Stored records

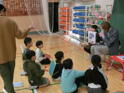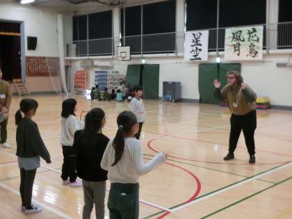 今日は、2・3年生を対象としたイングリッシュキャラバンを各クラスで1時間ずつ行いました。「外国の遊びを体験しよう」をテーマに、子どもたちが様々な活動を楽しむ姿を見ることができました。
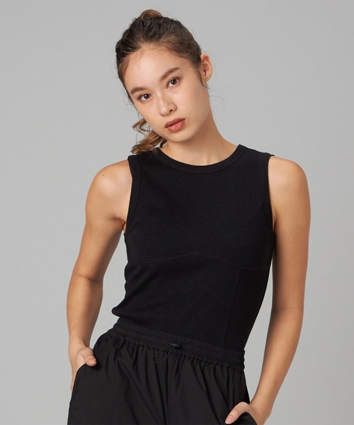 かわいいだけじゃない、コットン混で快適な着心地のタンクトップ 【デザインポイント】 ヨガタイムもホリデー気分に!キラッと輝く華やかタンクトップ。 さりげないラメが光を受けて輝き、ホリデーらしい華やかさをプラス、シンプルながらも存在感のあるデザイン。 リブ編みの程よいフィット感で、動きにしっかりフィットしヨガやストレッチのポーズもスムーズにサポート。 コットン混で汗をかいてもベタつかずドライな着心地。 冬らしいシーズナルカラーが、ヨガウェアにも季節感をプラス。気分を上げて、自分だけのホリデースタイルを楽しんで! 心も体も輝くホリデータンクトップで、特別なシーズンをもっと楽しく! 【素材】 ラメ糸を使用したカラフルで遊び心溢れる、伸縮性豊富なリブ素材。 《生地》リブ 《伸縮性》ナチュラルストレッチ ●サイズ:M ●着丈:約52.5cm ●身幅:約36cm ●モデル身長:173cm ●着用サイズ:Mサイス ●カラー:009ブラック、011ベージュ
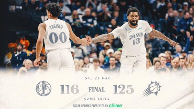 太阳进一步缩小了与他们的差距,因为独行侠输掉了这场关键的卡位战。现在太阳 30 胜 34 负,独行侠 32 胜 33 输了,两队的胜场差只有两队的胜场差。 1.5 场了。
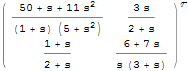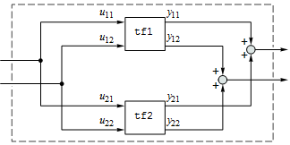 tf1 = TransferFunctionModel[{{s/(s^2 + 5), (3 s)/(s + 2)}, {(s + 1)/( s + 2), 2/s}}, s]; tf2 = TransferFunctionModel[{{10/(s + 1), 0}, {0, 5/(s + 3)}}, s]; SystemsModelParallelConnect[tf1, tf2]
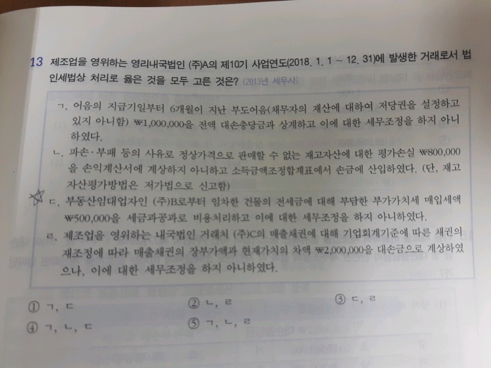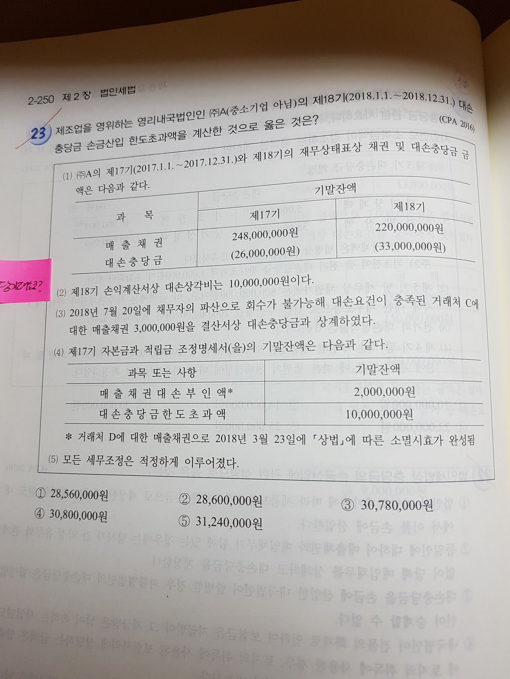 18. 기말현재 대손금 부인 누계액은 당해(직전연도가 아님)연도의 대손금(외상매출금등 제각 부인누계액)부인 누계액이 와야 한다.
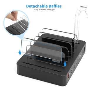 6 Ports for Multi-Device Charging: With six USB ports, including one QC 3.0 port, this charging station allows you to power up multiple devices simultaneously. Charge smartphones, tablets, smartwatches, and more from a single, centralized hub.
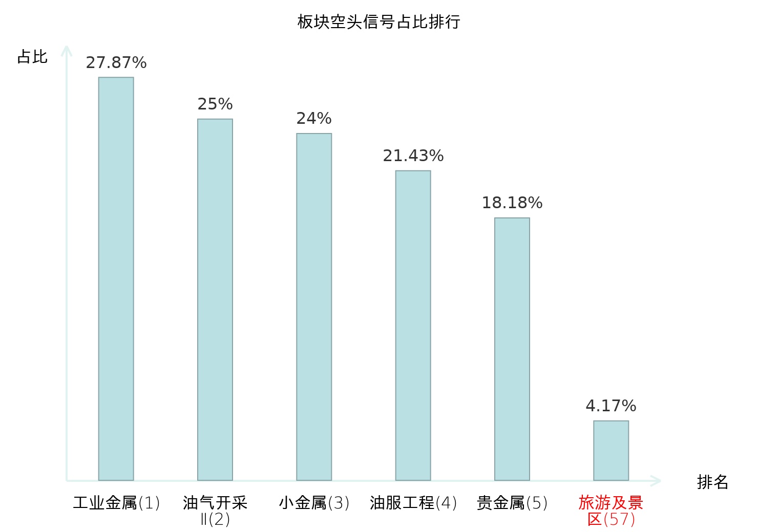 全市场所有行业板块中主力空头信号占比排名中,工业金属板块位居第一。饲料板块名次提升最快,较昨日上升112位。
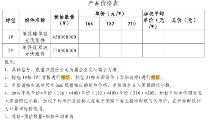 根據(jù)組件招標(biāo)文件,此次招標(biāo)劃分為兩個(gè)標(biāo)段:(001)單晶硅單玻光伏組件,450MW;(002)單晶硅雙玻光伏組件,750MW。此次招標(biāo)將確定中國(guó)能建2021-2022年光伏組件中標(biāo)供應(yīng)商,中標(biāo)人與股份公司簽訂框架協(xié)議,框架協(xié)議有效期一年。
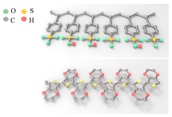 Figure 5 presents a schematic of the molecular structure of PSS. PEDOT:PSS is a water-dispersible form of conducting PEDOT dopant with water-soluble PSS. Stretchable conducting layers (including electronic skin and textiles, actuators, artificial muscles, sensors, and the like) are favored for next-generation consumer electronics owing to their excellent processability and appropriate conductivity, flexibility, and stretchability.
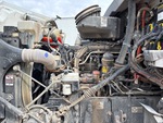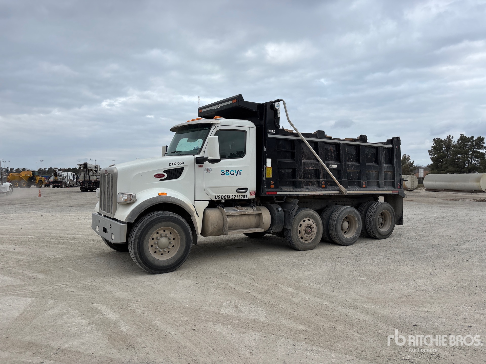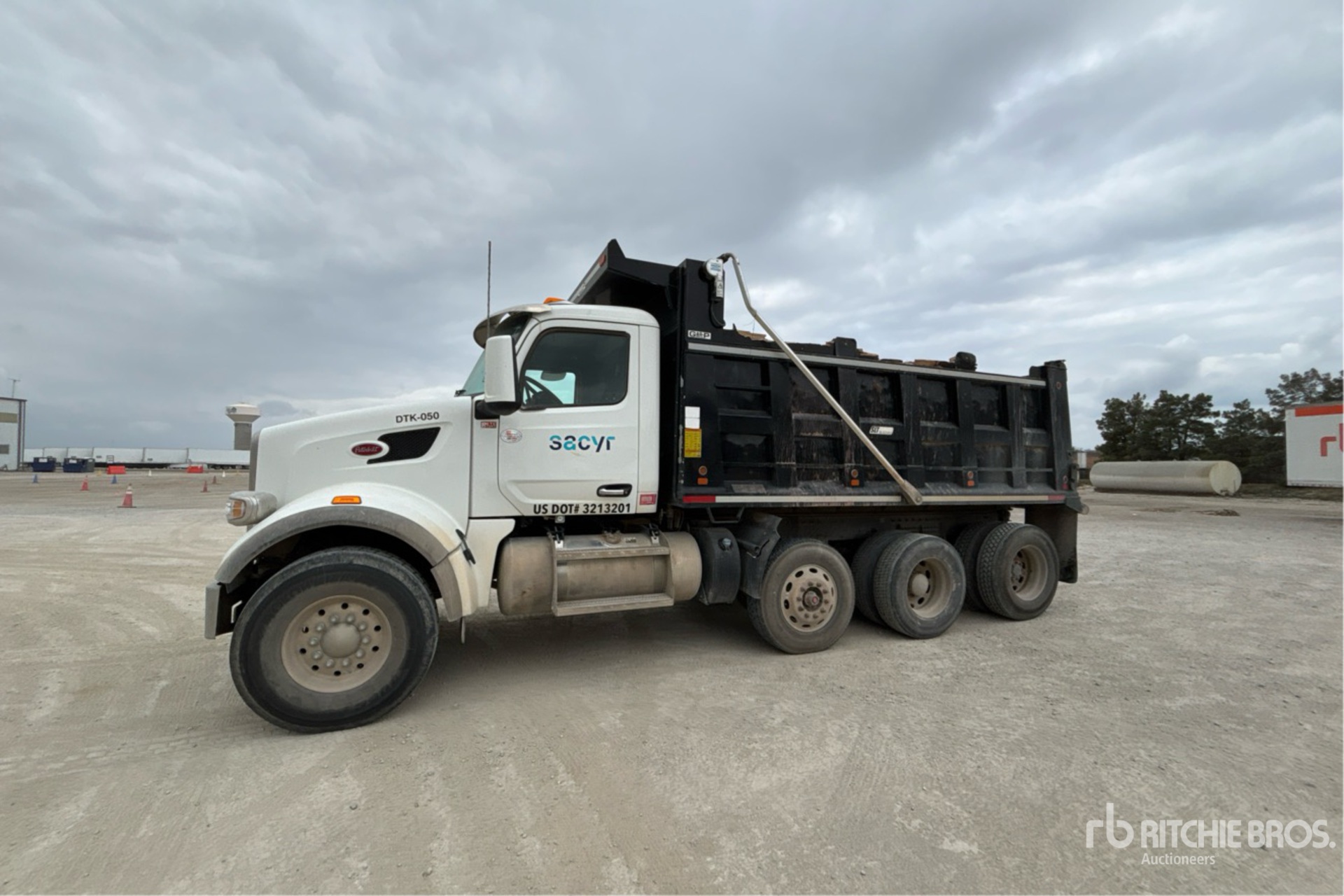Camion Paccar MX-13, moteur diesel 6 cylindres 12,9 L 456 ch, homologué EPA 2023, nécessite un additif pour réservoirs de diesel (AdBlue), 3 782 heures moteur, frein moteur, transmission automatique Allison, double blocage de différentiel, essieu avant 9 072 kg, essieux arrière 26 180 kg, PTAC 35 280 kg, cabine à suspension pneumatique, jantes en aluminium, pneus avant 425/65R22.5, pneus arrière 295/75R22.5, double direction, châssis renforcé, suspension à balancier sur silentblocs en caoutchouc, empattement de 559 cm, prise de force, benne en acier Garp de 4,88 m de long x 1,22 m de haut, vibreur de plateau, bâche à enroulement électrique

---

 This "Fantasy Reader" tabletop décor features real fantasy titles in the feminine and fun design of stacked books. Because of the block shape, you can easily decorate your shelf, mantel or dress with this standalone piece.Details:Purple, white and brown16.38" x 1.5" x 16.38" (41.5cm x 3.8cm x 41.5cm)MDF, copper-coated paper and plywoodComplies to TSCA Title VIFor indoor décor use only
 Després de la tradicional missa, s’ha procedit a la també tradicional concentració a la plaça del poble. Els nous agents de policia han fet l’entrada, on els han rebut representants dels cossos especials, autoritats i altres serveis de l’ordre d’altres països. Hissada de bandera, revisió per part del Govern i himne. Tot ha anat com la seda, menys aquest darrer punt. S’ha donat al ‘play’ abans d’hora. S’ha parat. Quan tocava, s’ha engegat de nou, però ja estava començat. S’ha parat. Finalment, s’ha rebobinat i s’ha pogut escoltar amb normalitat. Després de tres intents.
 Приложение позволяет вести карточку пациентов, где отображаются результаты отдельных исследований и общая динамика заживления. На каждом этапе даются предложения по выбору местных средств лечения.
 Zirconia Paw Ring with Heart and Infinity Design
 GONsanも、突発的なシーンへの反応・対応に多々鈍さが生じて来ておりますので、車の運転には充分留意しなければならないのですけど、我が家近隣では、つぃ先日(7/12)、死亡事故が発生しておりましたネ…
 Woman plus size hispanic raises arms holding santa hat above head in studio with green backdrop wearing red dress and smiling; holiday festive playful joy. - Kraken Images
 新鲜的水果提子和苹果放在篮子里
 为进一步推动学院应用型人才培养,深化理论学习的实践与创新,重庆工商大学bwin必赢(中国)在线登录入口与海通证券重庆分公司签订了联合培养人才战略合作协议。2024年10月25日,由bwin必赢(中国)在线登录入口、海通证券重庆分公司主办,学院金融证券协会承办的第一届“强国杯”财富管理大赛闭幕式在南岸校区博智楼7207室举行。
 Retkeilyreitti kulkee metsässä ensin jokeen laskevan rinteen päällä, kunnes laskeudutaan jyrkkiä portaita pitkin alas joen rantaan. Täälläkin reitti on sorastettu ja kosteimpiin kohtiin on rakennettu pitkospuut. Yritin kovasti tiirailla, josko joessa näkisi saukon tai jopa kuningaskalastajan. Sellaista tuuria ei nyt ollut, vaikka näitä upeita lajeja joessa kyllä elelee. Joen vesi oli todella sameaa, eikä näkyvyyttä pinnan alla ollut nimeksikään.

Task objective:
Set down exactly the lines of the data above, beginning with the line that has "Woman plus size" and ending with the line that has "为进一步推动学院应用型人才培", and no others.

Task response:
 Woman plus size hispanic raises arms holding santa hat above head in studio with green backdrop wearing red dress and smiling; holiday festive playful joy. - Kraken Images
 新鲜的水果提子和苹果放在篮子里
 为进一步推动学院应用型人才培养,深化理论学习的实践与创新,重庆工商大学bwin必赢(中国)在线登录入口与海通证券重庆分公司签订了联合培养人才战略合作协议。2024年10月25日,由bwin必赢(中国)在线登录入口、海通证券重庆分公司主办,学院金融证券协会承办的第一届“强国杯”财富管理大赛闭幕式在南岸校区博智楼7207室举行。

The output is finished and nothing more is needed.